=== Exercise requirements ===
Each line in the material below, starting at the one that contains "客廳(附露臺)、臥室(附衛生間,陽臺)、臥室(附陽臺)、臥室、衛生間、露臺 | |||" and ending at the one that contains "Julier Ferenc: Tűzben", should be repeated exactly; the pictures should not.

=== Records for this exercise ===
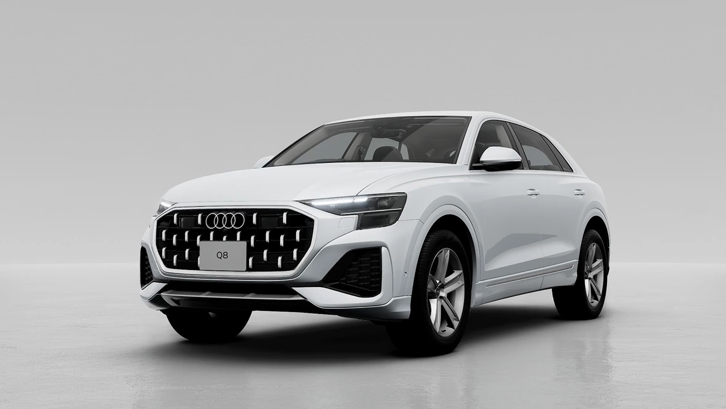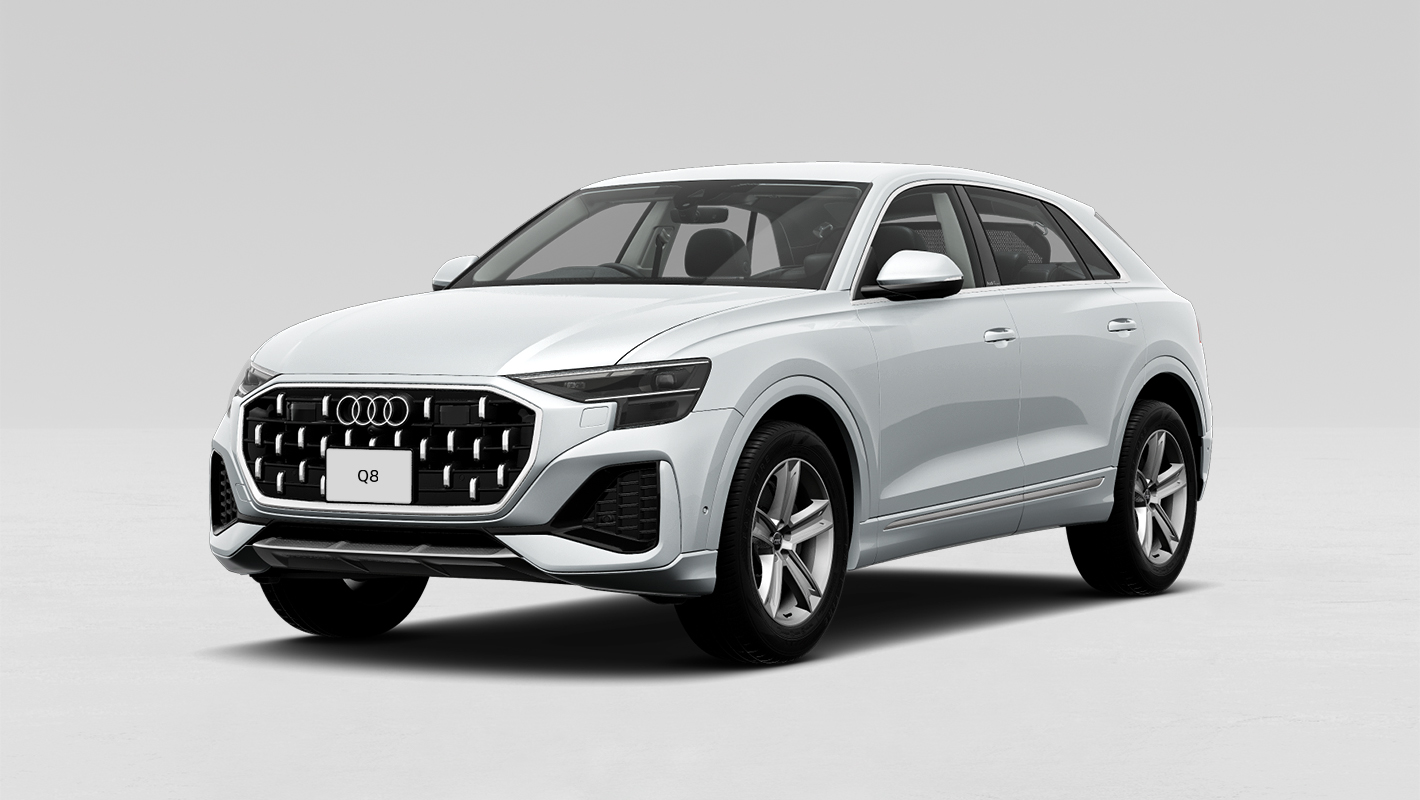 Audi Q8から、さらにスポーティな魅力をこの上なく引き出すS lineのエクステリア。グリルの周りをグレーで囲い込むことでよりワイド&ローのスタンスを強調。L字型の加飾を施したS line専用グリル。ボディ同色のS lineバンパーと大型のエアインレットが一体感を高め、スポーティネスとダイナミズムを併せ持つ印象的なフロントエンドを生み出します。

--

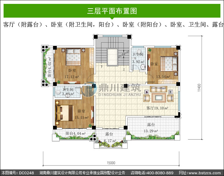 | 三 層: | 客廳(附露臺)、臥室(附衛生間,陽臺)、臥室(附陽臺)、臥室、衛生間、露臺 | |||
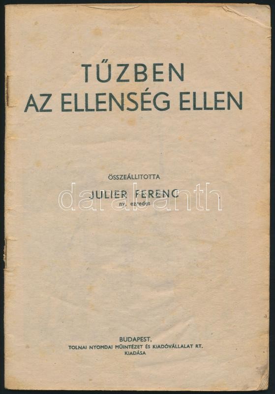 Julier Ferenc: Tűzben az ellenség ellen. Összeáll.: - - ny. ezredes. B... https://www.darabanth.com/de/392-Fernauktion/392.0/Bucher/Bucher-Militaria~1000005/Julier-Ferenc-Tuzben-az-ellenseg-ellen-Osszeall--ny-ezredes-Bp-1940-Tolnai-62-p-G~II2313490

---

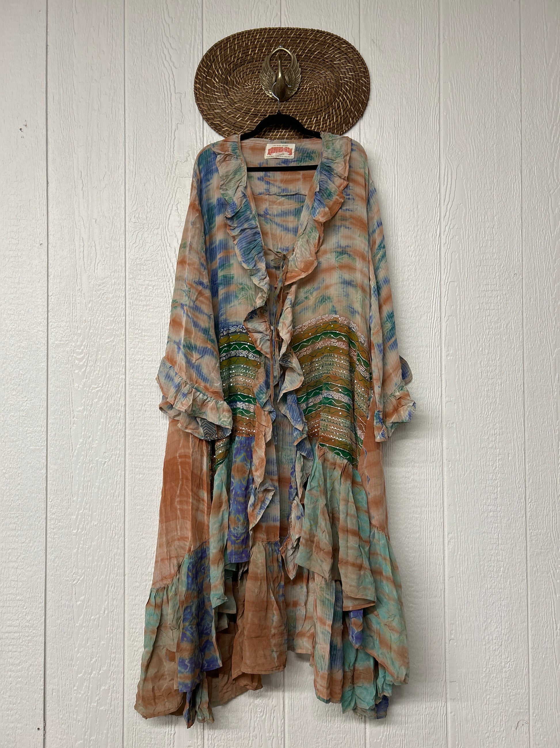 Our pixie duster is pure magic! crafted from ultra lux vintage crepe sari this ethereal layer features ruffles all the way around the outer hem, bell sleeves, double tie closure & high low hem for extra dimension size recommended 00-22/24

=== Task result ===
 | 三 層: | 客廳(附露臺)、臥室(附衛生間,陽臺)、臥室(附陽臺)、臥室、衛生間、露臺 | |||
 Julier Ferenc: Tűzben az ellenség ellen. Összeáll.: - - ny. ezredes. B... https://www.darabanth.com/de/392-Fernauktion/392.0/Bucher/Bucher-Militaria~1000005/Julier-Ferenc-Tuzben-az-ellenseg-ellen-Osszeall--ny-ezredes-Bp-1940-Tolnai-62-p-G~II2313490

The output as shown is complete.